As written, Angels is almost a Shakespearean comedy-in-reverse – a melodrama that starts in ordered reality and breaks down into a philosophical fever dream. But Szász never bothers with realism, opting instead for an expressionist opera. His Angels never disintegrates into fantasia — it is nothing but fantasia. It’s a fascinating and effective choice that illuminates new facets in the text:

John Austin (Joe Pitt) and Deborah Ann Woll (Harper Pitt)

Echoing Harper’s observation that “people are like planets,” characters orbit one another in the round, visualizing the constantly-shifting power dynamics of each relationship. Prior and Louis are coequal at the start; Joe fully orbits Roy Cohn. But Szász’s boldest choice is to make the Angel a near-constant presence, rather than a one-time apparition.
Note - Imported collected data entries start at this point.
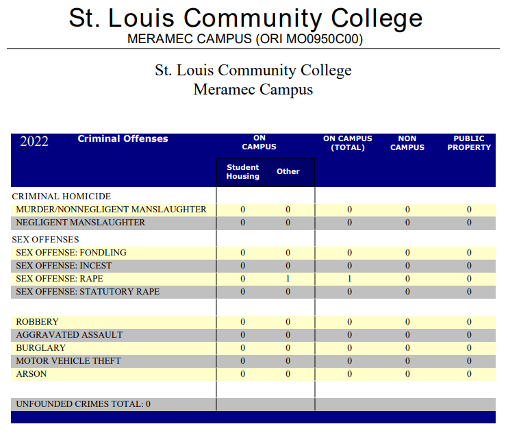 Saint Louis Community College (STLCC) recently published its 2023 Security and Fire Safety Report. This report, published in accordance with the Clery Act of 1990, details the statistics of all crimes and incidents reported that are associated with the college over the previous three years. The 168-page report has crime and incident statistics that cover every single STLCC campus; specific data relating to the Meramec Campus can be found on pages 121-132 of the report.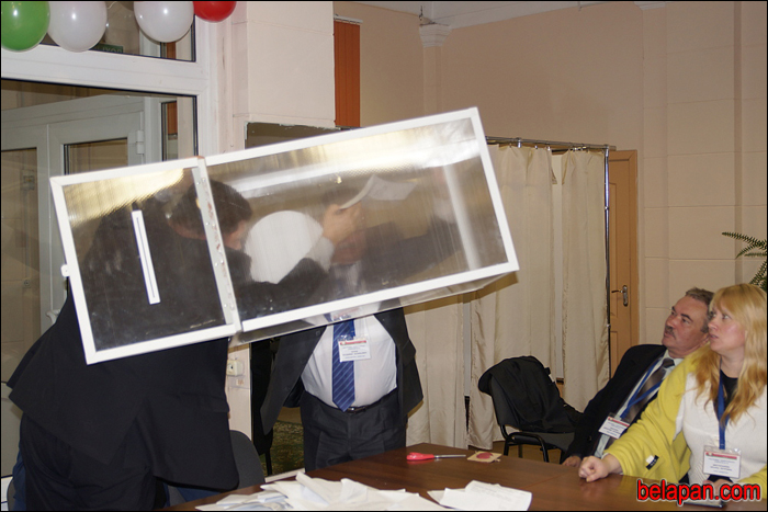 На стол посыпались бюллетени. Наблюдатель от «Справедливого мира» Анатолий Ильинчик поднялся, как будто даже к столу хотел подойти. Но председатель тут как тут: «Нельзя!». «А стоять? Можно, я буду стоять?» — не успокаивался наблюдатель. «А где в Избирательном кодексе написано, что можно стоять? Нет там такого!», — председатель комиссии торжествует.
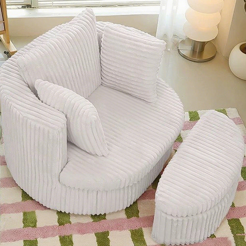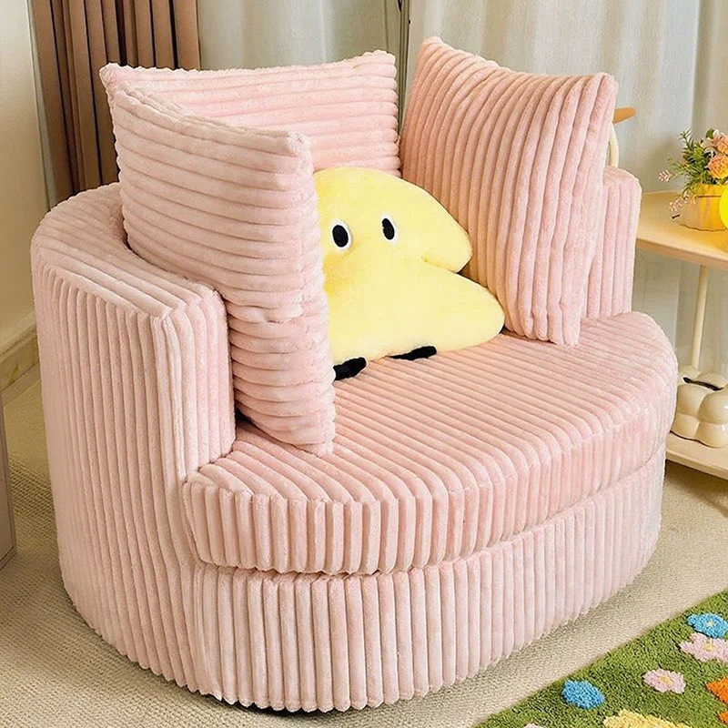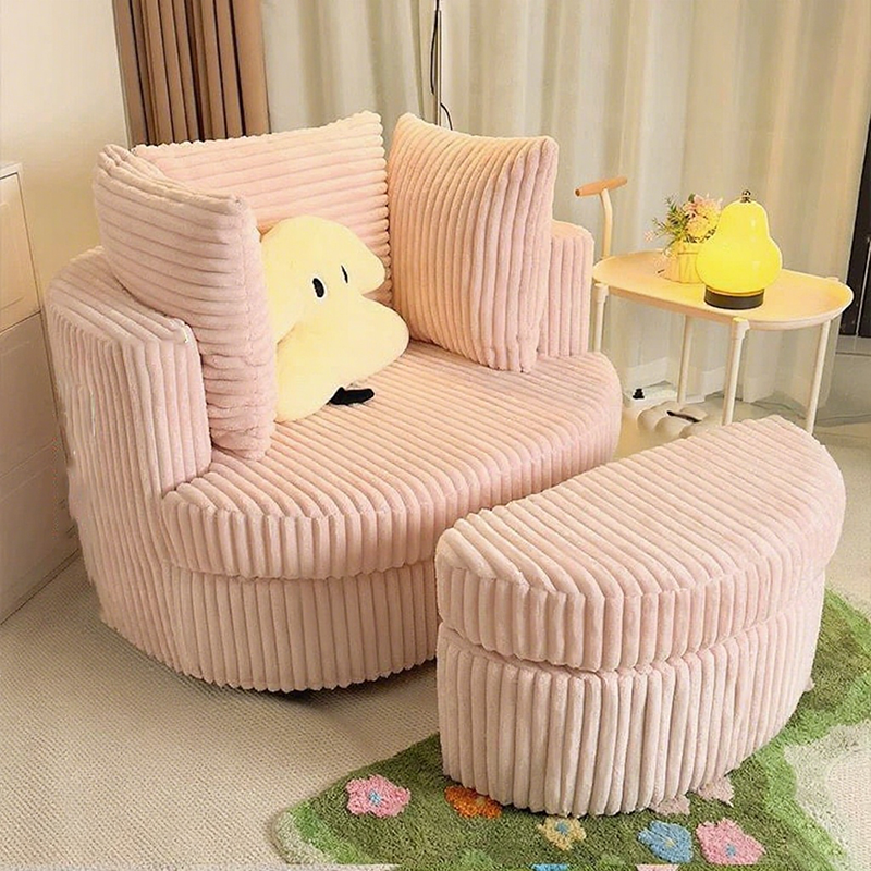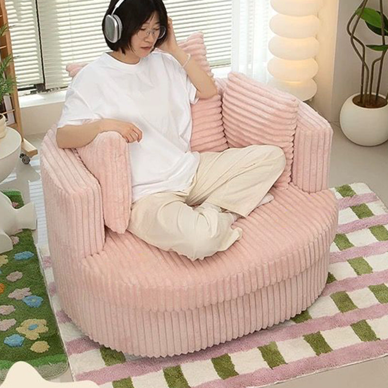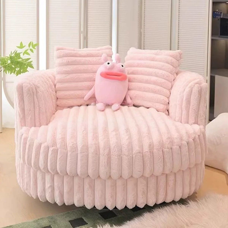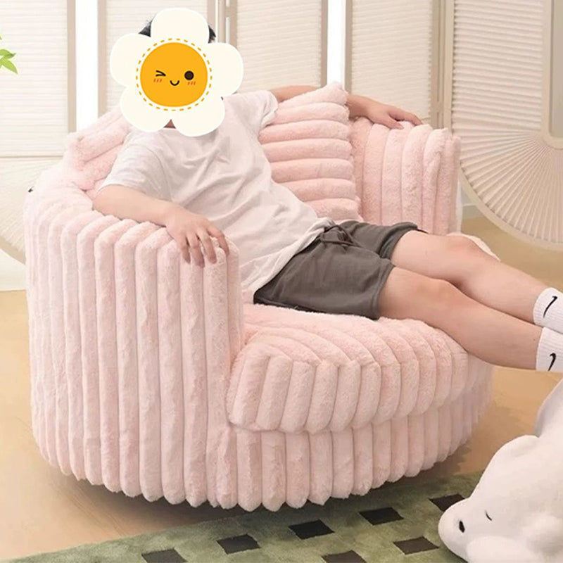 Experience cozy comfort with this modern Nordic single sofa, crafted with soft faux rabbit fur, a solid wood frame, and plush sponge filling. Designed in a smooth curved silhouette and available in sakura pink, light gray, and cream, it features a supportive backrest, armrests, and a versatile swivel base. Perfect for living rooms or bedrooms, this movable, detachable single sofa chair adds a stylish and relaxing touch to any space.

She doesn’t so much tear the world open as enter a world already torn.

Szász’s novel direction is buoyed by a revelatory ensemble, cast by Joe Pinzon:

Most notable is Edward Gero’s delicious, savage, and joyously evil Roy Cohn. Szász has Cohn emerge from and return to hell every time he appears, often wrapped in phone cords – it’s all very Dante. But Gero’s barking vitriol is so delightful that I had to keep reminding myself that Mr. Cohn was a regrettably real person.
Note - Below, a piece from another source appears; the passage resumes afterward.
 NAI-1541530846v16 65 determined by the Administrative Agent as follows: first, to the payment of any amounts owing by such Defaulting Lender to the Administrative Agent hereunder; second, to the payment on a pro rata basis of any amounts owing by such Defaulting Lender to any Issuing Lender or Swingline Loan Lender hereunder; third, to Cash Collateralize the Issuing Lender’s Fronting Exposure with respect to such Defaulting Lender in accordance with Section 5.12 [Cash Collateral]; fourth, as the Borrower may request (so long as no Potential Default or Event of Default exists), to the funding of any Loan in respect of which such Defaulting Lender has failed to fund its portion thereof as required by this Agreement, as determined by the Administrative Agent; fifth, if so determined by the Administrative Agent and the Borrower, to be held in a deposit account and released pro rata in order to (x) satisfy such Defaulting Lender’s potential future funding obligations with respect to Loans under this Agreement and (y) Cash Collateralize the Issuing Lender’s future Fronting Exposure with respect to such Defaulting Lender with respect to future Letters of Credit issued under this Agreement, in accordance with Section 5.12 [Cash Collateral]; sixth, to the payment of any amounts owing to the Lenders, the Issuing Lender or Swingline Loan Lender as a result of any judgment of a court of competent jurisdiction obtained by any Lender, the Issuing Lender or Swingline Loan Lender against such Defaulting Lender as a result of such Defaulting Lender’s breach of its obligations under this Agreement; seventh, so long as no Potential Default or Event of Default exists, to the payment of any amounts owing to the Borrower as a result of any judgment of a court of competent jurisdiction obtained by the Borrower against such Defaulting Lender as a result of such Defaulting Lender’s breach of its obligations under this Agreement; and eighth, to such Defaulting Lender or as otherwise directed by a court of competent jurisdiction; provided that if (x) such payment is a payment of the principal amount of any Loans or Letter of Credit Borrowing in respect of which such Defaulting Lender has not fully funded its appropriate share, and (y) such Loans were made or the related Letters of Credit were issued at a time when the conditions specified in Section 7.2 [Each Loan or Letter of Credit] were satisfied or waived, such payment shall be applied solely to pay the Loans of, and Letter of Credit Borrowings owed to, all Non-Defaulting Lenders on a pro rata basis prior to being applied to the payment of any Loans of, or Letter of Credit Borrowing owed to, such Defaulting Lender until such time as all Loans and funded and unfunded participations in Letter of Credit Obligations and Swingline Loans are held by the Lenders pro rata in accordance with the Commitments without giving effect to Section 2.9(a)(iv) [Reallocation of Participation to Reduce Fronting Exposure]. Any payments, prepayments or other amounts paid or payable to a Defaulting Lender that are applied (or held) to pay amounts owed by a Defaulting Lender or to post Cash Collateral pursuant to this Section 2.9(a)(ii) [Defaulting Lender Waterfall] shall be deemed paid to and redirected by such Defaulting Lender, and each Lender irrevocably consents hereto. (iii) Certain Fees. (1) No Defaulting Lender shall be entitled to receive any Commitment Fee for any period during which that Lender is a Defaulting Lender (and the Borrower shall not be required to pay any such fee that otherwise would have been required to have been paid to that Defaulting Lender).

Susan Rome (Henry) and Edward Gero (Roy Cohn)

Nick Westrate is a highly charismatic and stubborn Prior Walter, giving the character’s innate strength a downside as we watch it drive a wedge between him and Louis. I’ll confess now, I have never much empathized with Louis Ironson in Angels. The character reads as a self-loathing conglomerate of Kushner’s own anxieties. His abandonment of Prior is so cruel and taken for granted that it strains credulity. Not here. Louis is miraculously humanized in Darnall’s capable hands – I began to see the play through his eyes. Louis’s instinct to seek change seems, in part, what Prior loves in him and lacks in himself. He’s the best Louis I’ve ever seen.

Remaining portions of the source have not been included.